*DATA EXTRACT*
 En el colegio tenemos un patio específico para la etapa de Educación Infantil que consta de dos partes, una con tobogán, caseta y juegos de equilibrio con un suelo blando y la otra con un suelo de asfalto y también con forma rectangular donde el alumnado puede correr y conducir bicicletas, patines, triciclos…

--

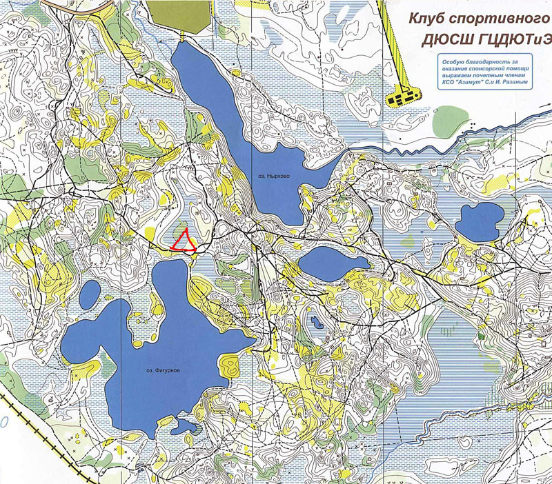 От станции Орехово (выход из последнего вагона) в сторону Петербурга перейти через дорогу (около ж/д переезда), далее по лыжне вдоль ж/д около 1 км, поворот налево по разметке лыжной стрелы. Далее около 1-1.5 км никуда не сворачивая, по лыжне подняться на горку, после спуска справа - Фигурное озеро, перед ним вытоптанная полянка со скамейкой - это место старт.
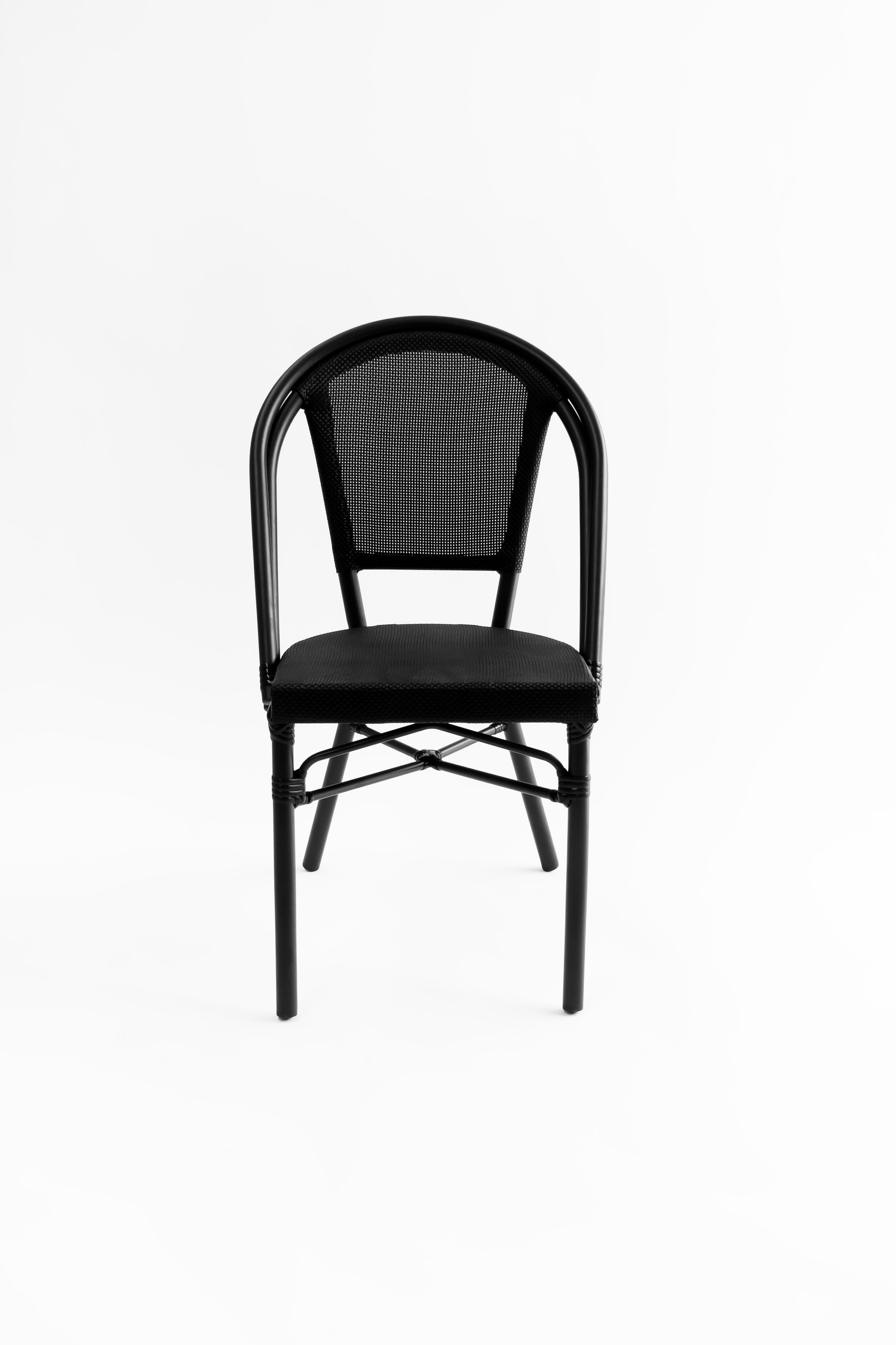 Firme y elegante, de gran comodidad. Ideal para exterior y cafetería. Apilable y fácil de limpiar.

*PROBLEM TO SOLVE*
What you return from the records above should be exactly everything from the line with "От станции Орехово" down to the line with "Firme y elegante, de", both kept, and no pictures.

*SOLUTION TO THIS TASK*
 От станции Орехово (выход из последнего вагона) в сторону Петербурга перейти через дорогу (около ж/д переезда), далее по лыжне вдоль ж/д около 1 км, поворот налево по разметке лыжной стрелы. Далее около 1-1.5 км никуда не сворачивая, по лыжне подняться на горку, после спуска справа - Фигурное озеро, перед ним вытоптанная полянка со скамейкой - это место старт.
 Firme y elegante, de gran comodidad. Ideal para exterior y cafetería. Apilable y fácil de limpiar.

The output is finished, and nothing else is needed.